The task. Only one stretch of the data is wanted: the line containing "เล่นสูง ที่ควีนส์ทาวน์", the line containing "Читальный зал переполнен", and every line between them, copied exactly.

Source records.

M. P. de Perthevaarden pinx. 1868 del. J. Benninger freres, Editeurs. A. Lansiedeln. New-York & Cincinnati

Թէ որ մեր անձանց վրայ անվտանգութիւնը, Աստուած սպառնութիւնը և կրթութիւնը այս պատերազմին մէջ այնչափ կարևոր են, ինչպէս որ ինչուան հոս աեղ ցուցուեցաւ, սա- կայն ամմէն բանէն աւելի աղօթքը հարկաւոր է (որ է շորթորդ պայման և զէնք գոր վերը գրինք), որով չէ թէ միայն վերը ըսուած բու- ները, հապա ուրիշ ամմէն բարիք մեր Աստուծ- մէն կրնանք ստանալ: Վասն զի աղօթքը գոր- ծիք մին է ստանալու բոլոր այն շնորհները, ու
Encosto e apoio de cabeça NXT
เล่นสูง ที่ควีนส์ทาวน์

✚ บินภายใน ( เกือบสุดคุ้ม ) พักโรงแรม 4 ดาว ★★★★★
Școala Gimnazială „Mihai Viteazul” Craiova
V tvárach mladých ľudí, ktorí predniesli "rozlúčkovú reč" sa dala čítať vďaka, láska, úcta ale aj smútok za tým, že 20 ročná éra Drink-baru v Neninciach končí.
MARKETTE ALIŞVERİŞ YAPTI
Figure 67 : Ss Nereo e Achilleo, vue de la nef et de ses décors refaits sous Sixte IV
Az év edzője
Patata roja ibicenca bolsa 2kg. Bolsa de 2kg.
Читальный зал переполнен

* * *

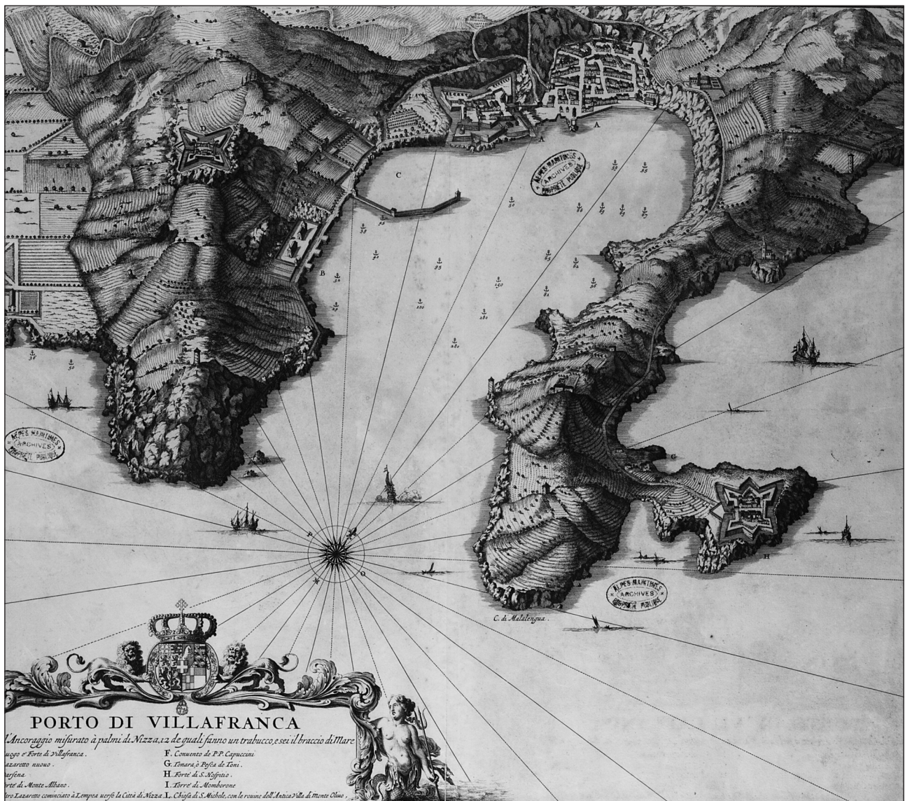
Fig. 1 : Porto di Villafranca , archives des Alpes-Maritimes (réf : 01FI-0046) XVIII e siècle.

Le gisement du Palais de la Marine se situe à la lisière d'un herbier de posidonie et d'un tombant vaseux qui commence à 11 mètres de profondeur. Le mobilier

Response.
เล่นสูง ที่ควีนส์ทาวน์

✚ บินภายใน ( เกือบสุดคุ้ม ) พักโรงแรม 4 ดาว ★★★★★
Școala Gimnazială „Mihai Viteazul” Craiova
V tvárach mladých ľudí, ktorí predniesli "rozlúčkovú reč" sa dala čítať vďaka, láska, úcta ale aj smútok za tým, že 20 ročná éra Drink-baru v Neninciach končí.
MARKETTE ALIŞVERİŞ YAPTI
Figure 67 : Ss Nereo e Achilleo, vue de la nef et de ses décors refaits sous Sixte IV
Az év edzője
Patata roja ibicenca bolsa 2kg. Bolsa de 2kg.
Читальный зал переполнен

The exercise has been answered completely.